To this end, the apparatus for processing interference signal of the automotive radar 1 includes the (1-1)-th filter 21 and the (1-2)-th filter 22.

The (1-1)-th filter 21 may be connected to the main mixer 15 and output the (1-1)-th received signal by filtering the external signal in accordance with a preset bandwidth. In one embodiment, the (1-1)-th filter 21 may be provided as a low pass filter (LPF).

The (1-2)-th filter 22 may be connected to the additional mixer 16 and output the (1-2)-th received signal by filtering the interference signal received from the additional mixer 16 in accordance with a preset bandwidth. In one embodiment, the (1-2)-th filter 22 may be provided as a low pass filter (LPF).

The signal processor 20 may include a time shifter 23. Here, the time shifter 23 may shift the interference signal of the sub-receiver 12 on the time axis on the basis of the time difference between the interference signals of the sub-receiver 12 and the main receiver 11.

The target signal acquisition unit 30 may obtain a target signal from which the interference signal has been canceled by subtracting the (1-2)-th received signal from the (1-1)-th received signal.

As described above, in the first embodiment, the main receiver 11 and the sub-receiver 12 share the antenna 13 in hardware for interference signal processing, one receiver (main receiver 11) includes two mixers 15 and 16, and a signal is subtracted through only the time shifter 23.

Furthermore, the apparatus for processing interference signal of the automotive radar 1 according to the first embodiment of the present disclosure may include a memory 50 and a processor 55.

The memory 50 may store an interference signal processing program 50′ and information necessary to execute the interference signal processing program 50′.

In one embodiment of the present disclosure, the interference signal processing program 50′ may refer to software including instructions programmed to process an automotive radar interference signal processing method. In particular, the interference signal processing program 50′ may include instructions for executing the functions of the signal processor 20 and the target signal acquisition unit 30 described above.

The processor 55 may overall control the operation of the apparatus for processing interference signal of automotive radar.

The processor 55 may load the interference signal processing program 50′ and the information necessary to execute the interference signal processing program 50′ from the memory 50 in order to execute the interference signal processing program 50′.

In particular, the processor 55 may process the functions of the above-described signal processor 20 and target signal acquisition unit 30 by executing the interference signal processing program 50′. For example, the processor 55 may check a time difference between the (1-1)-th received signal and the (1-2)-th received signal and control the timing of the (1-1)-th received signal or the (1-2)-th received signal. Further, the processor 55 may obtain a target signal from which the interference signal has been canceled by subtracting the (1-2)-th received signal from the (1-1)-th received signal.

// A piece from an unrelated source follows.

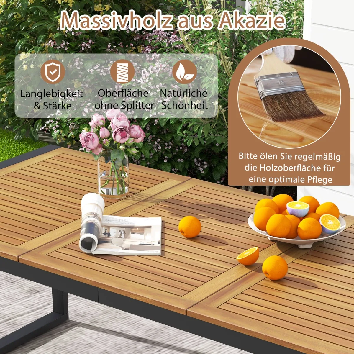 - 8 vietų stačiakampis lauko stalas, tinka sodui, terasai ar kiemui.

Hereinafter, an apparatus for processing interference signal of an automotive radar according to a second embodiment of the present disclosure will be described.

FIG. 2 is a block diagram illustrating a configuration of the apparatus for processing interference signal of the automotive radar according to the second embodiment of the present disclosure.

Referring to FIG. 2, the apparatus for processing interference signal of the automotive radar 2 according to the second embodiment of the present disclosure may include a signal receiver 100, a first filter 210, a second filter 220, a signal processor 200, and a target signal acquisition unit 300. In FIG. 2, Int+Tgt denotes an interference signal and a target signal applied to a main receiver 110 and a sub-receiver 120. As described above, the first filter 210 and the second filter 220 provided in the apparatus for processing interference signal of the automotive radar 2 according to the second embodiment of the present disclosure may be referred to as a (2-1)-th filter 210 and a (2-2)-th filter 220.

The signal receiver 100 may include the main receiver 110 (RX1) for receiving an external signal to detect a target signal and a sub-receiver 120 (RX2) for detecting an interference signal with respect to the target signal.

The main receiver 110 and the sub-receiver 120 are independently connected to the respective antennas 111 and 121.

The main receiver 110 includes a first antenna 111 for receiving the external signal and a main mixer 113 connected to the first antenna 111 to convert the frequency of the external signal.

The sub-receiver 120 may include the second antenna 121 for receiving the external signal independently of the first antenna 111, and an additional mixer 123 connected to the second antenna 121 and having an LO frequency obtained by adding a positive frequency offset to an LO frequency of the main mixer 113. In the second embodiment, the sub-receiver 120 is the same as the sub-receiver RX2.

Here, the positive frequency offset added to the additional mixer 123 may be set within a predetermined range. In one embodiment, the offset may be set to be greater than a filter bandwidth through which signals generated by the sub-receiver 120 and the main receiver 110 pass such that only an interference signal is detected in the additional mixer 123 when a target signal and the interference signal are applied.

The main receiver 110 and the sub-receiver 120 have the same frequency modulated continuous wave (FMCW) characteristics, but the LO of the sub-receiver 120 is designed to have a positive offset with respect to the LO frequency of the main receiver 110. After the interference signal passes through a low pass filter (LPF) of each receiver, the interference signal of the sub-receiver 120 is subtracted from the signal that has passed through the main receiver 110 through phase correction and time shift.

The apparatus for processing interference signal of the automotive radar 2 includes the (2-1)-th filter 210 and the (2-2)-th filter 220.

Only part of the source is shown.